▶ **PROBLEM REQUIREMENTS**:
Make an exact copy of all the entries, with the pictures left out.

★ ★ ★ ★ ★ ★ ★

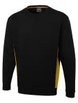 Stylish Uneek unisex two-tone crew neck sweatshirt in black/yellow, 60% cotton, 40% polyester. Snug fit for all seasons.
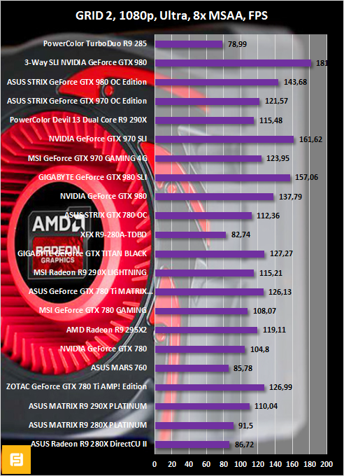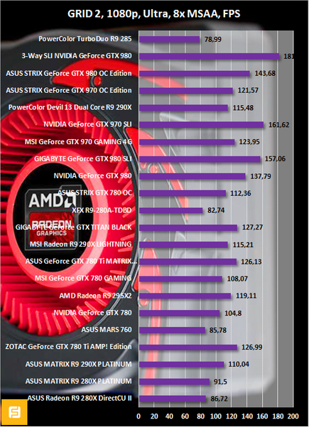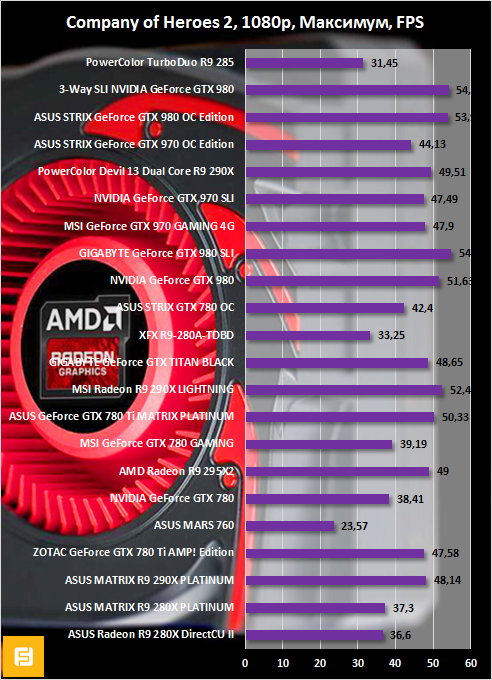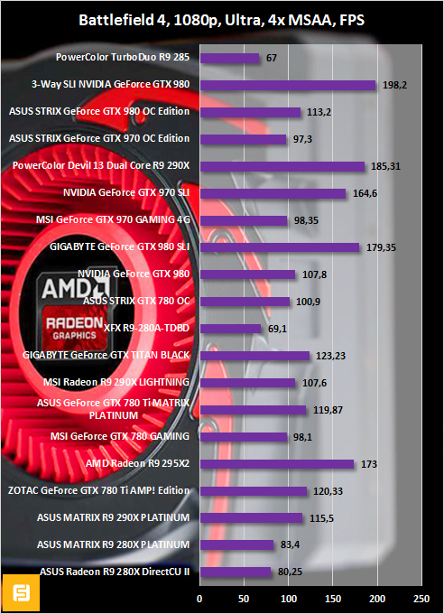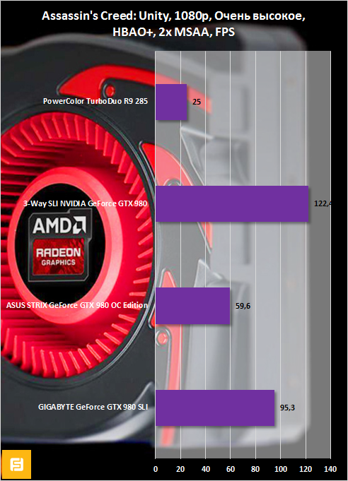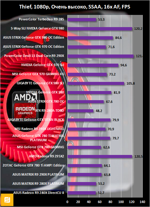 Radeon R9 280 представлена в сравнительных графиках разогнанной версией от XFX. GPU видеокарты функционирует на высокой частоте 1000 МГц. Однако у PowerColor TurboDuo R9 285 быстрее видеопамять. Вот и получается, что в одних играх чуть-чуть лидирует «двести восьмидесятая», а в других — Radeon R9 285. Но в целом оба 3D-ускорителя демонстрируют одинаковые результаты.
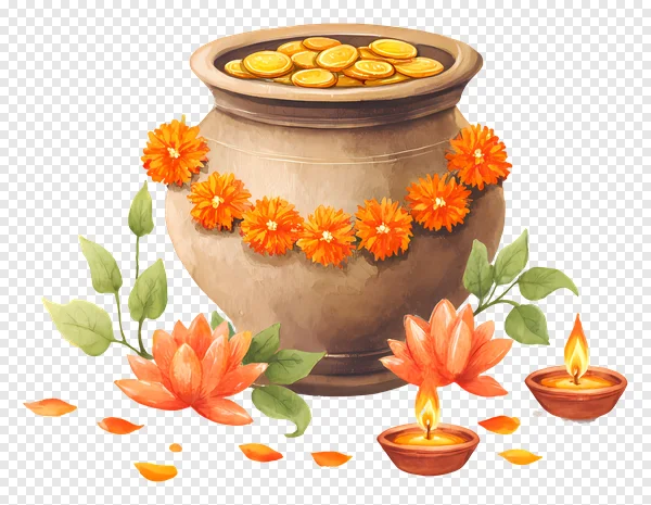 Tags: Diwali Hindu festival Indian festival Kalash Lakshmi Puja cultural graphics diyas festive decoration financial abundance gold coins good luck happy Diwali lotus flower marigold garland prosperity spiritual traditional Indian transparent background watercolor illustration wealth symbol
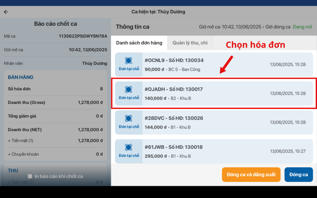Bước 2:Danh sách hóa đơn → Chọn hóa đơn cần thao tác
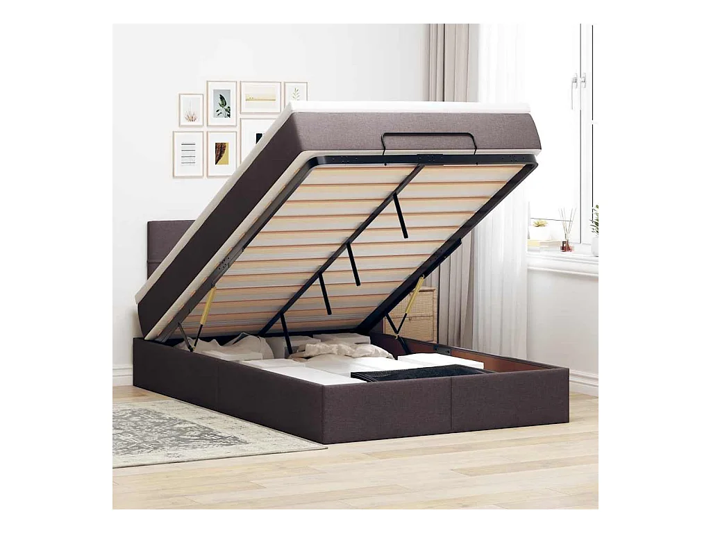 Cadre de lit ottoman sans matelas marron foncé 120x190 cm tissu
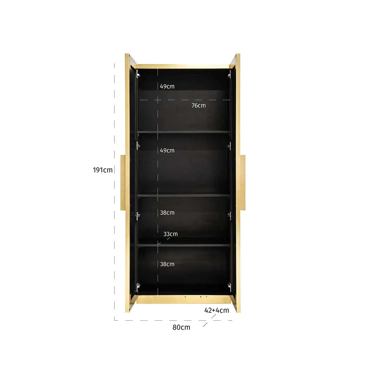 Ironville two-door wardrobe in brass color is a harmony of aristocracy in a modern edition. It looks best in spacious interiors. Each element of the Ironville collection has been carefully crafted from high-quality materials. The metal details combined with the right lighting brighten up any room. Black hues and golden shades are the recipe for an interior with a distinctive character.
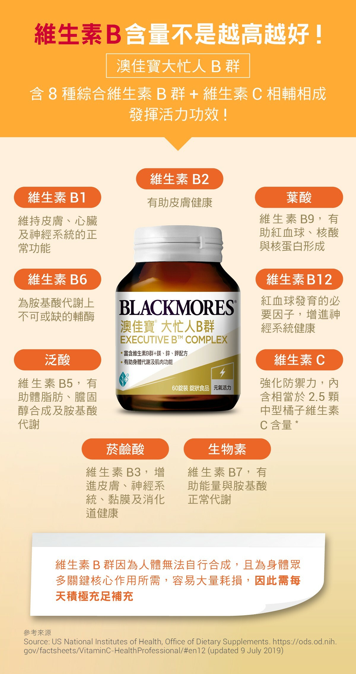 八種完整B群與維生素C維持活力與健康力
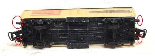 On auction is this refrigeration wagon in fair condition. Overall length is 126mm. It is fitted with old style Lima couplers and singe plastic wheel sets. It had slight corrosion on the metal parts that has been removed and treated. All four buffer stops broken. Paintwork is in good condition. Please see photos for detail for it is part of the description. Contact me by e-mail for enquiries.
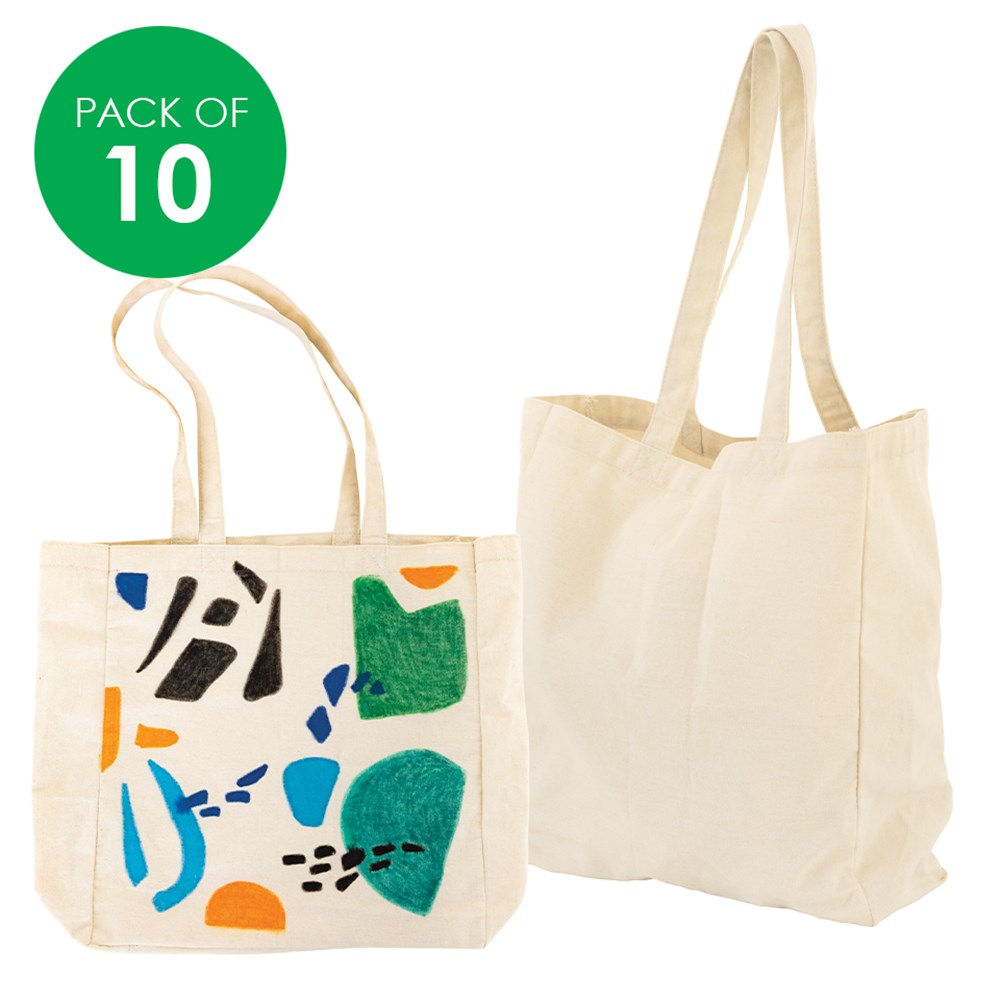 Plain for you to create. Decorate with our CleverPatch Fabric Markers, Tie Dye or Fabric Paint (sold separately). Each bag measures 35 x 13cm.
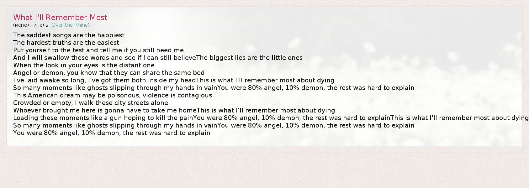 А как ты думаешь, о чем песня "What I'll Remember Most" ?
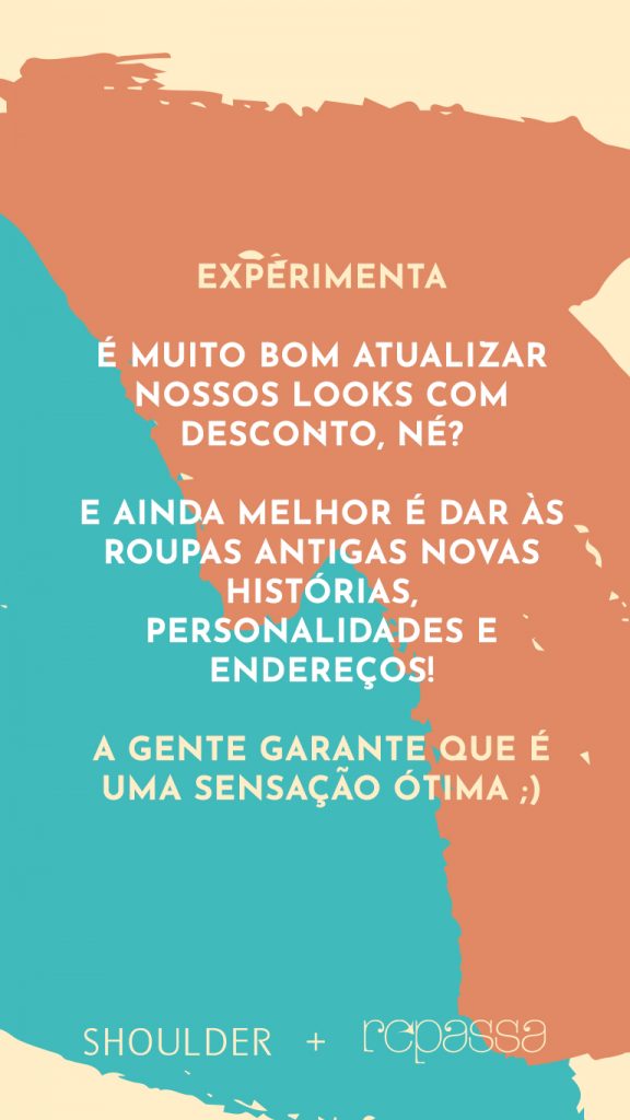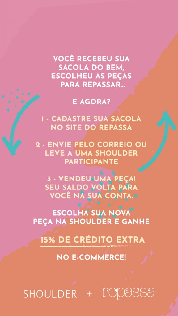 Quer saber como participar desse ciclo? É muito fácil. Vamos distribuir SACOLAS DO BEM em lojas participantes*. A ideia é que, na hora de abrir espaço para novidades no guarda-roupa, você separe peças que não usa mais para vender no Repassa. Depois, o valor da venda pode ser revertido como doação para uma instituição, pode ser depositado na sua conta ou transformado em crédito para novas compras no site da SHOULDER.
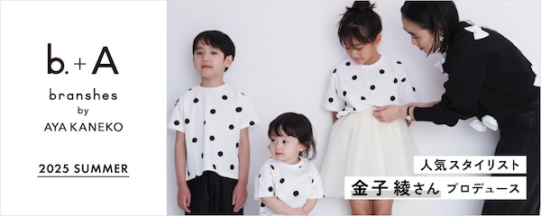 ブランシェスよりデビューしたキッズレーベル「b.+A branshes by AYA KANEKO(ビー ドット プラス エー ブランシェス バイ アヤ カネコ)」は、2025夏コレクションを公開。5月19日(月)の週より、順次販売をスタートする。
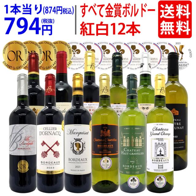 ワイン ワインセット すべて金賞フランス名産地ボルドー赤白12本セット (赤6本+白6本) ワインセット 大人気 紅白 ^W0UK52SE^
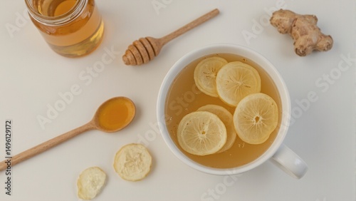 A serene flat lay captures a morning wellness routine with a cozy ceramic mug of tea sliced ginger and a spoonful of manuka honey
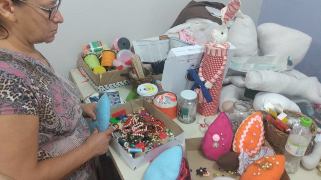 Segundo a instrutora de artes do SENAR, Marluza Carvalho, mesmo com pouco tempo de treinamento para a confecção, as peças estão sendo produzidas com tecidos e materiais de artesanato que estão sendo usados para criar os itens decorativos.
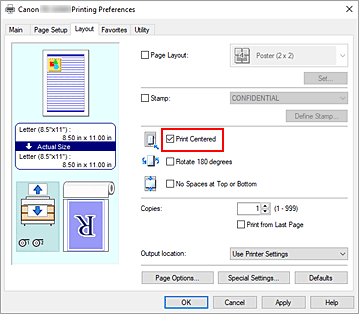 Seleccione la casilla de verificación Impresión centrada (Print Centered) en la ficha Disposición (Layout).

★ ★ ★ ★ ★ ★ ★

▶ **EXERCISE SOLUTION**:
 Stylish Uneek unisex two-tone crew neck sweatshirt in black/yellow, 60% cotton, 40% polyester. Snug fit for all seasons.
 Radeon R9 280 представлена в сравнительных графиках разогнанной версией от XFX. GPU видеокарты функционирует на высокой частоте 1000 МГц. Однако у PowerColor TurboDuo R9 285 быстрее видеопамять. Вот и получается, что в одних играх чуть-чуть лидирует «двести восьмидесятая», а в других — Radeon R9 285. Но в целом оба 3D-ускорителя демонстрируют одинаковые результаты.
 Tags: Diwali Hindu festival Indian festival Kalash Lakshmi Puja cultural graphics diyas festive decoration financial abundance gold coins good luck happy Diwali lotus flower marigold garland prosperity spiritual traditional Indian transparent background watercolor illustration wealth symbol
Bước 2:Danh sách hóa đơn → Chọn hóa đơn cần thao tác
 Cadre de lit ottoman sans matelas marron foncé 120x190 cm tissu
 Ironville two-door wardrobe in brass color is a harmony of aristocracy in a modern edition. It looks best in spacious interiors. Each element of the Ironville collection has been carefully crafted from high-quality materials. The metal details combined with the right lighting brighten up any room. Black hues and golden shades are the recipe for an interior with a distinctive character.
 八種完整B群與維生素C維持活力與健康力
 On auction is this refrigeration wagon in fair condition. Overall length is 126mm. It is fitted with old style Lima couplers and singe plastic wheel sets. It had slight corrosion on the metal parts that has been removed and treated. All four buffer stops broken. Paintwork is in good condition. Please see photos for detail for it is part of the description. Contact me by e-mail for enquiries.
 Plain for you to create. Decorate with our CleverPatch Fabric Markers, Tie Dye or Fabric Paint (sold separately). Each bag measures 35 x 13cm.
 А как ты думаешь, о чем песня "What I'll Remember Most" ?
 Quer saber como participar desse ciclo? É muito fácil. Vamos distribuir SACOLAS DO BEM em lojas participantes*. A ideia é que, na hora de abrir espaço para novidades no guarda-roupa, você separe peças que não usa mais para vender no Repassa. Depois, o valor da venda pode ser revertido como doação para uma instituição, pode ser depositado na sua conta ou transformado em crédito para novas compras no site da SHOULDER.
 ブランシェスよりデビューしたキッズレーベル「b.+A branshes by AYA KANEKO(ビー ドット プラス エー ブランシェス バイ アヤ カネコ)」は、2025夏コレクションを公開。5月19日(月)の週より、順次販売をスタートする。
 ワイン ワインセット すべて金賞フランス名産地ボルドー赤白12本セット (赤6本+白6本) ワインセット 大人気 紅白 ^W0UK52SE^
 A serene flat lay captures a morning wellness routine with a cozy ceramic mug of tea sliced ginger and a spoonful of manuka honey
 Segundo a instrutora de artes do SENAR, Marluza Carvalho, mesmo com pouco tempo de treinamento para a confecção, as peças estão sendo produzidas com tecidos e materiais de artesanato que estão sendo usados para criar os itens decorativos.
 Seleccione la casilla de verificación Impresión centrada (Print Centered) en la ficha Disposición (Layout).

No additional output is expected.